TASER International’s Stock Shocked By $6.2 Million Damages Award
by John E. Dannenberg
The stock of TASER International, Inc. tanked by 11% to $6.13 per share on June 9, 2008 when three days earlier a federal jury in San Jose, California awarded $6.2 million in a wrongful death suit to the family of a fatally shocked prisoner. TASER spokesman Steve Tuttle said it plans to appeal the verdict.
Scottsdale, Arizona based TASER manufactures 50,000 volt stun guns for sale to police departments to use in lieu of bullets as “less lethal” weapons. But the irony of the concept “less lethal” is on a par with that of “partially pregnant.” It makes precious little difference to the deceased victim if he is slain by a police bullet or a Taser. While TASER touts its stun guns as safe, the statistics tell otherwise. Over 160 deaths involving Taser shocks by police have left civil rights advocates protesting and aggrieved families suing.
TASER has proudly touted its record of having survived 70 wrongful death lawsuits without a verdict against the company. But many of those cases were “settled,” meaning payment was made without admitting liability.
The instant case involved the family of Robert Heston, who died on February 19, 2005 after Salinas, California police shocked him three times in subduing him. High on amphetamines, Heston was particularly susceptible to a fatal heart stoppage by the electrical conductive process known as “acidosis.” The combination of inebriation and tasering is a known lethal hazard. The problem here, a common one, is that the tasering officers don’t first know the chemical state of their prey before they shocked him.
Heston’s suit alleged excessive force, failure to train the officers, battery, negligence of the manufacturer to warn its users of the danger, and strict product liability. The jury found for plaintiffs solely on the warning-negligence claim. It awarded the deceased’s estate $21,000 in compensatory damages plus $200,000 (against TASER) in punitive damages. For Heston’s parents, the jury awarded $1 million in compensatory damages plus $5 million in punitive damages.
Importantly, the jury specifically found Heston’s death was due to both the causes of acidosis from his own inebriation and “the prolonged deployment of Taser ECDs” which concurrently caused the fatal cardiac arrest. It held TASER solely liable, absolving the Salinas police department of any blame. Finally, the jury assigned Heston 85% comparative percentage of fault and TASER 15%.

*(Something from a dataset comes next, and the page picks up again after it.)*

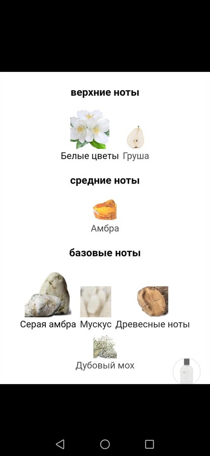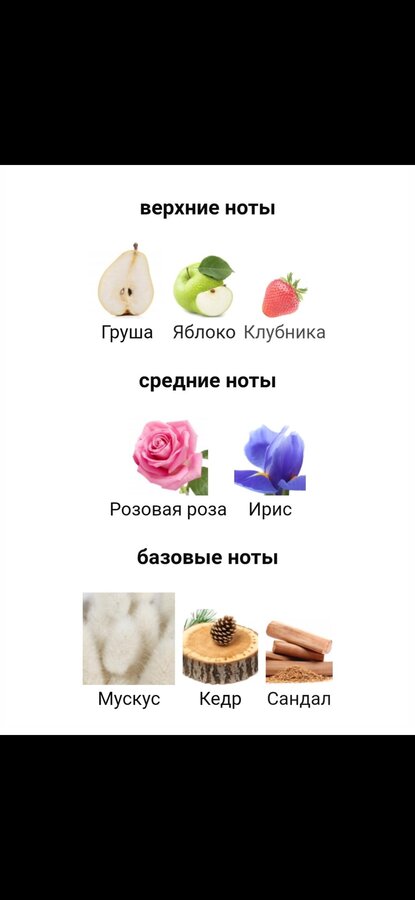 Начальный аккорд парфюма — это искрящийся фейерверк чистых эмоций. Клубника, груша и яблоко сплетаются в аккорд ослепительной сочности, но лишены простоватой сладости. Это взрыв спелой, почти тающей на солнце мякоти, который озаряет сознание, как вспышка беззаботного счастья. Но вот наступает время цветения. Пылкая фруктовость уступает место сердцу композиции — изысканному букету белых цветов. Нежность ириса с его пудрово-кремовой текстурой и утонченная роза в обрамлении зеленых нюансов создают атмосферу умиротворенной элегантности. Это словно прогулка по залитому солнцем цветущему саду, где воздух плотный и густой от аромата. Звучащие в финальном аккорде кедр и сандал дарят композиции стойкий, тёплый и глубокий фундамент. Их суховатая, смолистая древесность, как дорогая кожаная обложка старой книги, придает аромату интеллектуальную глубину и благородную структуру.
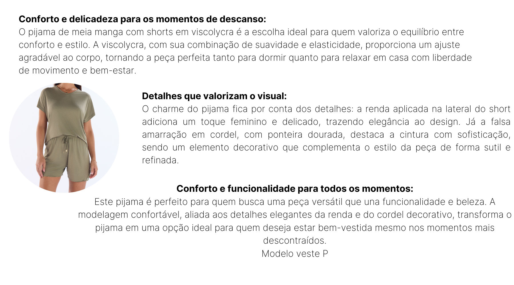 Início LINHAS PIJAMA MEIA MANGA COM SHORTS EM VISCOLYCRA FEMININO

The verdict is a potentially bad omen for TASER - which is facing 36 similar lawsuits - but it has not stopped them from selling their product to police. Nor has it stopped police killing of prisoners and detainees. During the same week as the Heston verdict, a 26-year-old Brooklyn man was tasered to death by New York’s Suffolk County Police Department. Toxicology reports were not available yet, but the suspect was reportedly trying to swallow some cocaine at the time. Ominously, this death occurred one day before thousands of New York police officers were to begin carrying stun guns, a decision made upon a January 2008 recommendation in a report written by the Rand Corporation for the New York police, notwithstanding a New York Civil Liberties Union complaint that police decisions to use guns are weighted towards black suspects.
The Heston verdict may color their thinking. Heston’s estate was represented by attorney John Burton. See: Heston v. City of Salinas, U.S.D.C. (ND CA), Case No. C 05-03658 JW. The verdict, complaint and other documents from the case are posted on PLN’s website.